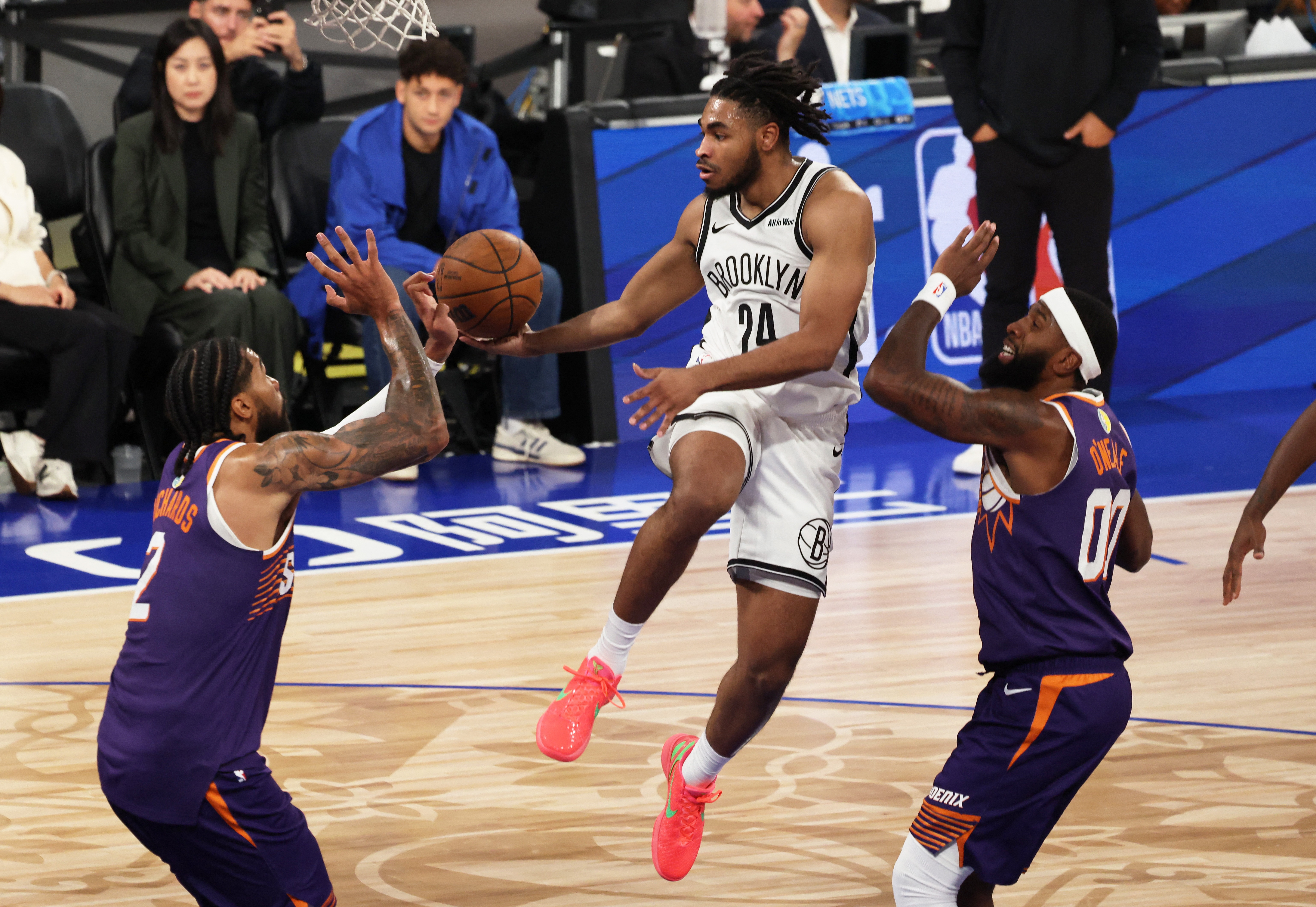 10月12日讯 NBA季前赛,篮网半场49-51落后太阳。上半场比赛,篮网球员卡梅隆-托马斯在遭遇对手严防的情况下,进攻端依旧稳定表现,多次贡献高难度进球。他出战18分钟,投篮7中4,罚球8中7,拿到15分4篮板1盖帽的数据。
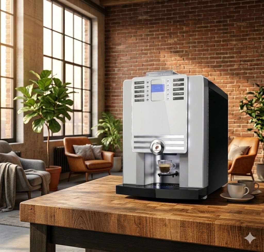 Diseñada por Rhea Vendors Group (Italia), esta máquina automática combina rendimiento, diseño compacto y facilidad de uso, garantizando una experiencia de barista en cada taza.
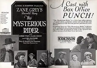 The Mysterious Rider is a 1921 American silent Western film directed by Benjamin B. Hampton and starring Robert McKim, Claire Adams and Carl Gantvoort.[1]
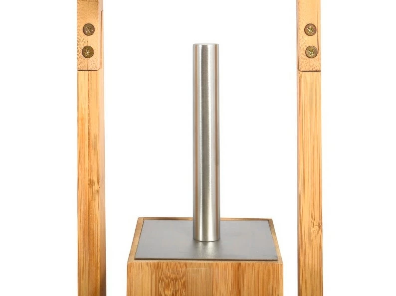 Der Ständer, die Bürste und die Papierrollen-Verkleidung bestehen aus Bambus, der wasserdicht und feuchtigkeitsbeständig ist. Der stabile Standfuß sorgt für einen sicheren Stand. Der offene Bürstenhalter verfügt über einen herausnehmbaren inneren Kunststoffbehälter, der die Reinigung und den Wechsel erleichtert.
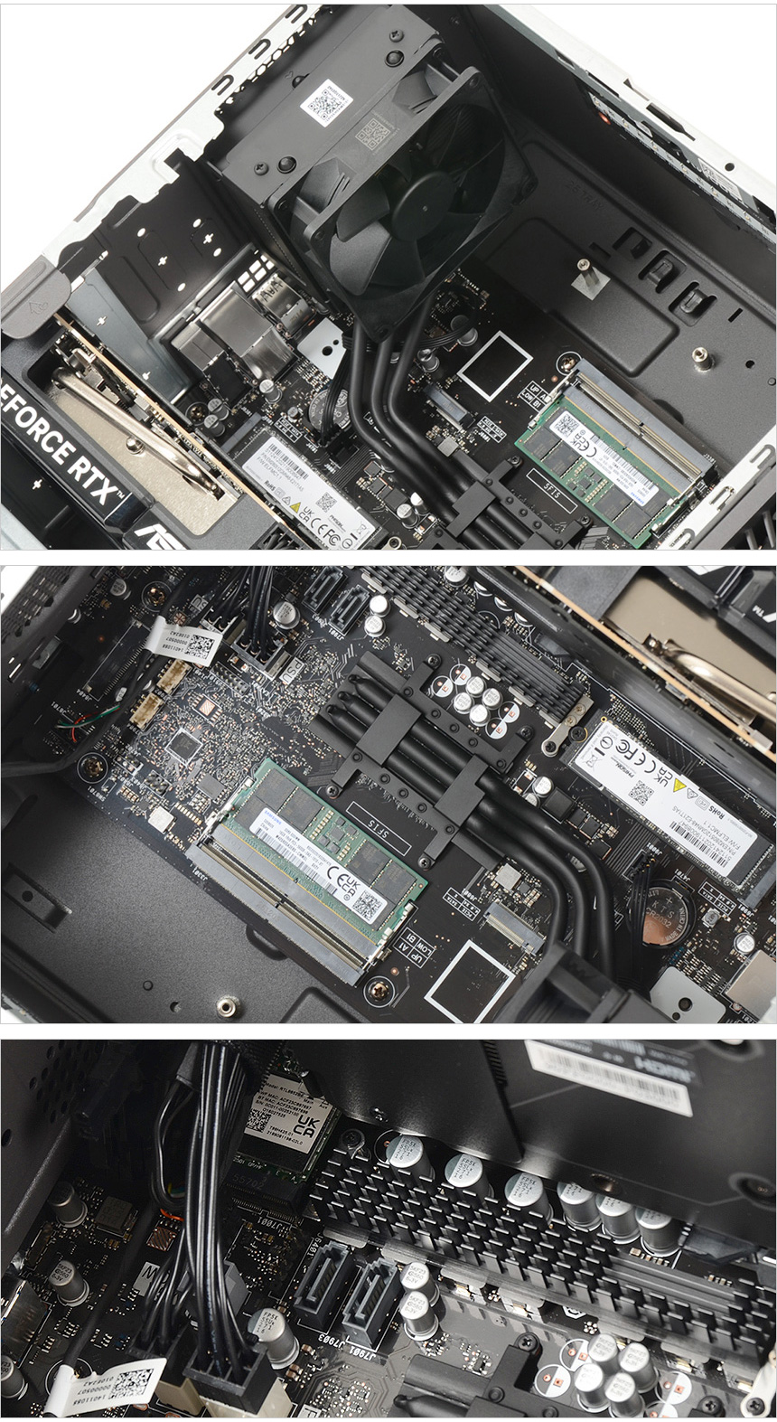 노트북에서 주로 사용되는 SO-DIMM 이 설치되어 있고 16GB DDR5 단일 메모리가 장착되어 손쉽게 메모리를 추가할 수 있다. 또한 512GB PCIe 4.0 NVMe SSD 가 장착되어 있을 뿐만 아니라 2280 규격의 M.2 슬롯이 추가로 제공되며 SATA 단자도 지원해 SSD나 HDD 등을 손쉽게 추가할 수 있다.

==*==

▶ Problem
Omit the pictures. Transcribe every record exactly.

▶ Problem solution
 10月12日讯 NBA季前赛,篮网半场49-51落后太阳。上半场比赛,篮网球员卡梅隆-托马斯在遭遇对手严防的情况下,进攻端依旧稳定表现,多次贡献高难度进球。他出战18分钟,投篮7中4,罚球8中7,拿到15分4篮板1盖帽的数据。
 Diseñada por Rhea Vendors Group (Italia), esta máquina automática combina rendimiento, diseño compacto y facilidad de uso, garantizando una experiencia de barista en cada taza.
 The Mysterious Rider is a 1921 American silent Western film directed by Benjamin B. Hampton and starring Robert McKim, Claire Adams and Carl Gantvoort.[1]
 Der Ständer, die Bürste und die Papierrollen-Verkleidung bestehen aus Bambus, der wasserdicht und feuchtigkeitsbeständig ist. Der stabile Standfuß sorgt für einen sicheren Stand. Der offene Bürstenhalter verfügt über einen herausnehmbaren inneren Kunststoffbehälter, der die Reinigung und den Wechsel erleichtert.
 노트북에서 주로 사용되는 SO-DIMM 이 설치되어 있고 16GB DDR5 단일 메모리가 장착되어 손쉽게 메모리를 추가할 수 있다. 또한 512GB PCIe 4.0 NVMe SSD 가 장착되어 있을 뿐만 아니라 2280 규격의 M.2 슬롯이 추가로 제공되며 SATA 단자도 지원해 SSD나 HDD 등을 손쉽게 추가할 수 있다.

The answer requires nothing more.